Ich schweife mal kurz um
Fake, Varufakis. Das erklärt sich selbst. Jauch auch.
Was fällt diesem Bübchen nicht ein sich gegenüber einem Kabinettsmitglied eines befreundeten Staates zu benehmen wie ein Staatsanwalt für Hühnerdiebe? Die NZZ fordert zu Recht seinen Rausschmisss. Sowas hätte sich noch nicht mal Mc Carthy getraut.

und wieder ein.

Lasst euch nicht von den Bildern täuschen. Und. Setzen lassen. Höflich bleiben.
Und nicht Samstags fahrn wenn alle fahrn.

Der Lärm muss weg

Wir Frankfurter sind ein geplagtes Volk. Jedenfalls die Hibbdebacher. Ständig müssen sie das Gemaule der lärmgeschädigten Dribbdebacher, Offenbacher, Mainzer, Flörsheimer, Hanauer etc. anhören. „Die Fliescher kann man ja fast am Bauch kraulen“ mault es vom Sachsenhäuser Berg.
Aber erst seit 2011 weil Roland Bilfinger Koch, damals noch Ministerpräsident und noch nicht gefeuert meinte, dass eine Parallellandebahn En Vogue wäre. Gesagt, getan: Das Ding wurde für eine halbe Milliarde von Bilfinger-Berger hingekloppt und wird seither bestartet und belandet. Das Berger von Bilfinger-Berger wurde übrigens eingespart und das Ersparte für ein neues Logo und die Abfindung von unser Bubsche aus der Nieder Bahnbetriebswerksiedlung verbraten.

Ich schweife ab.

Den jetzt haben wir eine Schwarz-grüne Regierung in Hessen und Terek al Wazir darf die Presseerkärung der FRAport verlesen.

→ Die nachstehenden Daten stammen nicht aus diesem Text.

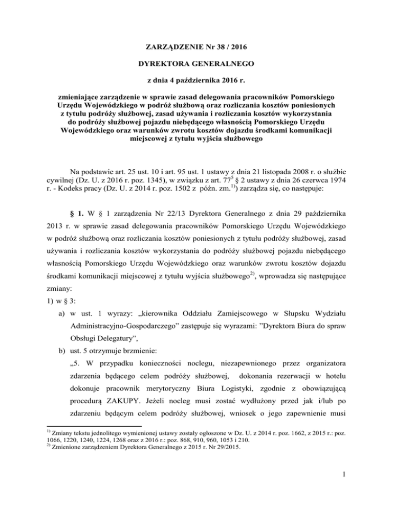 ZARZĄDZENIE Nr 38 / 2016 DYREKTORA GENERALNEGO z dnia 4 października 2016 r. zmieniające zarządzenie w sprawie zasad delegowania pracowników Pomorskiego Urzędu Wojewódzkiego w podróż służbową oraz rozliczania kosztów poniesionych z tytułu podróży służbowej, zasad używania i rozliczania kosztów wykorzystania do podróży służbowej pojazdu niebędącego własnością Pomorskiego Urzędu Wojewódzkiego oraz warunków zwrotu kosztów dojazdu środkami komunikacji miejscowej z tytułu wyjścia służbowego Na podstawie art. 25 ust. 10 i art. 95 ust. 1 ustawy z dnia 21 listopada 2008 r. o służbie cywilnej (Dz. U. z 2016 r. poz. 1345), w związku z art. 775 § 2 ustawy z dnia 26 czerwca 1974 r. - Kodeks pracy (Dz. U. z 2014 r. poz. 1502 z późn. zm.1)) zarządza się, co następuje: § 1. W § 1 zarządzenia Nr 22/13 Dyrektora Generalnego z dnia 29 października 2013 r. w sprawie zasad delegowania pracowników Pomorskiego Urzędu Wojewódzkiego w podróż służbową oraz rozliczania kosztów poniesionych z tytułu podróży służbowej, zasad używania i rozliczania kosztów wykorzystania do podróży służbowej pojazdu niebędącego własnością Pomorskiego Urzędu Wojewódzkiego oraz warunków zwrotu kosztów dojazdu środkami komunikacji miejscowej z tytułu wyjścia służbowego2), wprowadza się następujące zmiany: 1) w § 3: a) w ust. 1 wyrazy: „kierownika Oddziału Zamiejscowego w Słupsku Wydziału Administracyjno-Gospodarczego” zastępuje się wyrazami: ”Dyrektora Biura do spraw Obsługi Delegatury”, b) ust. 5 otrzymuje brzmienie: „5. W przypadku konieczności noclegu, niezapewnionego przez organizatora zdarzenia będącego celem podróży służbowej, dokonania rezerwacji w hotelu dokonuje pracownik merytoryczny Biura Logistyki, zgodnie z obowiązującą procedurą ZAKUPY. Jeżeli nocleg musi zostać wydłużony przed jak i/lub po zdarzeniu będącym celem podróży służbowej, wniosek o jego zapewnienie musi 1) Zmiany tekstu jednolitego wymienionej ustawy zostały ogłoszone w Dz. U. z 2014 r. poz. 1662, z 2015 r.: poz. 1066, 1220, 1240, 1224, 1268 oraz z 2016 r.: poz. 868, 910, 960, 1053 i 210. 2) Zmienione zarządzeniem Dyrektora Generalnego z 2015 r. Nr 29/2015. 1 zawierać uzasadnienie jednoznacznie wskazujące o problemach dotyczących dojazdu lub powrotu”, c) ust. 6 otrzymuje brzmienie: „6. W terminie nie późniejszym niż 2 dni poprzedzające podróż służbową na terenie kraju oraz 7 dni za granicą „polecenie wyjazdu służbowego” pracowników Urzędu w Gdańsku i Delegatury w Słupsku, z wyłączeniem ust. 6a, podlega rejestracji odpowiednio w Biurze Budżetowo-Księgowym oraz Biurze do spraw Obsługi Delegatury.”, d) po ust. 6 dodaje się ust. 6a w brzmieniu: „6a. „Polecenie wyjazdu służbowego” kierowców podlega rejestracji odpowiednio w Biurze Logistyki i Biurze do spraw Obsługi Delegatury, przy czym: rejestracja polecenia wyjazdu służbowego na terenie kraju odbywa się najpóźniej w dniu rozpoczęcia podróży służbowej, rejestracja polecenia wyjazdu służbowego poza granicami kraju odbywa się nie później niż na 2 dni poprzedzające podróż służbową. „Polecenie wyjazdu służbowego” dla kierowcy samochodu służbowego rejestrowane jest odpowiednio przez Biuro Logistyki lub Biuro do spraw Obsługi Delegatury, przy czym: w przypadku krajowej podróży służbowej kierowcy, która nie będzie generować kosztów delegacji, dopuszcza się rozliczenie tej podróży służbowej kierowcy na podstawie danych z karty eksploatacji pojazdu i nie wystawianie „polecenia wyjazdu służbowego”. Powyższe dane z karty eksploatacji pojazdu powinny zawierać m.in. informacje określone w § 3 ust. 4 zarządzenia.”, e) po ust. 6a dodaje się ust. 6b w brzmieniu: „6b. Wzór obowiązującego w Urzędzie Rejestru poleceń wyjazdów służbowych stanowi załącznik nr 2 do zarządzenia. Rejestr poleceń wyjazdów służbowych prowadzony jest w formie elektronicznej.”; 2) w § 6 ust. 1 wyraz „WAG” zastępuje się wyrazem „Biura Budżetowo-Księgowego”, a wyrazy: „dyrektora Wydziału Administracyjno-Gospodarczego” zastępuje się wyrazami „dyrektora Biura Budżetowo-Księgowego”; 3) w § 9 po ust. 2 dodaje się ust. 2a i 2b: „2a. W przypadku zgody uprawnionego dyrektora na odbycie podróży samochodem służbowym w czasie do 8 godzin i sytuacji kiedy czas ten zostanie przekroczony, kierowca samochodu służbowego wraz z pracownikami korzystającymi z samochodu zobowiązani są do przedłożenia odpowiednio dyrektorowi Biura Logistyki lub 2 dyrektorowi Biura do spraw Obsługi Delegatury, szczegółowego uzasadnienia opisującego przyczyny trwania podróży służbowej powyżej 8 godzin. 2b. W przypadku planowania podróży służbowej samochodem służbowym w czasie powyżej 8 godzin, pracownik zobowiązany jest dołączyć do zapotrzebowania na samochód służbowy szczegółowe uzasadnienie ekonomiczne i organizacyjne jego wykorzystania.”; 4) § 10 otrzymuje brzmienie: „1. Nadzór nad wykonaniem niniejszego zarządzenia sprawuje dyrektor Biura Logistyki w zakresie delegowania kierowców świadczących pracę w Biurze Logistyki oraz w zakresie zapisów § 3 ust. 5 zarządzenia. 2. Nadzór nad wykonaniem niniejszego zarządzenia sprawuje dyrektor Biura do spraw Obsługi Delegatury w zakresie delegowania pracowników świadczących pracę w Delegaturze w Słupsku, w tym kierowców. 3. Nadzór nad wykonaniem niniejszego zarządzenia w zakresie delegowania pracowników zatrudnionych w Urzędzie, za wyjątkiem wymienionych w ust. 1 i 2 sprawuje dyrektor Biura Budżetowo-Księgowego.”; 5) załącznik nr 2 dotyczący wniosku o wyrażenie zgody na odbycie podróży służbowej pojazdem niebędącym własnością pracodawcy otrzymuje brzmienie określone w Załączniku nr 1 do niniejszego Zarządzenia. § 2. Zarządzenie wchodzi w życie z dniem podpisania. DYREKTOR GENERALNY Krzysztof Maci

Die wird dann auch so in der Frankfurter-Rundschau abgedruckt.
Da wurden zwei besonders laute Brummer erwähnt:
Die Antonow 124

(Revell Modellbau)
Der letzte dieser Brummer startete 2009 mit einem 190 Tonnen schweren Generator von Frankfurt nach Armenien – allerdings von Frankfurt-Hahn.
und die DC 9

Die letzten Rostlauben dieses Typs werden von Delta Airlines zwischen Atlanta und Chicago eingesetzt.

Seltsamerweise sind diese Flieger nach der Entgeldordunung achtmal so teuer beim Starten als die nur rund 1 Dezibel „leiseren“ Frachtflieger, die reichlich in der Cargo-City an- und wegdonnern.

Ich muss schon sagen: So wird aus einer Karteileiche eine ganz tolle Presseerklärung – und alle jubeln.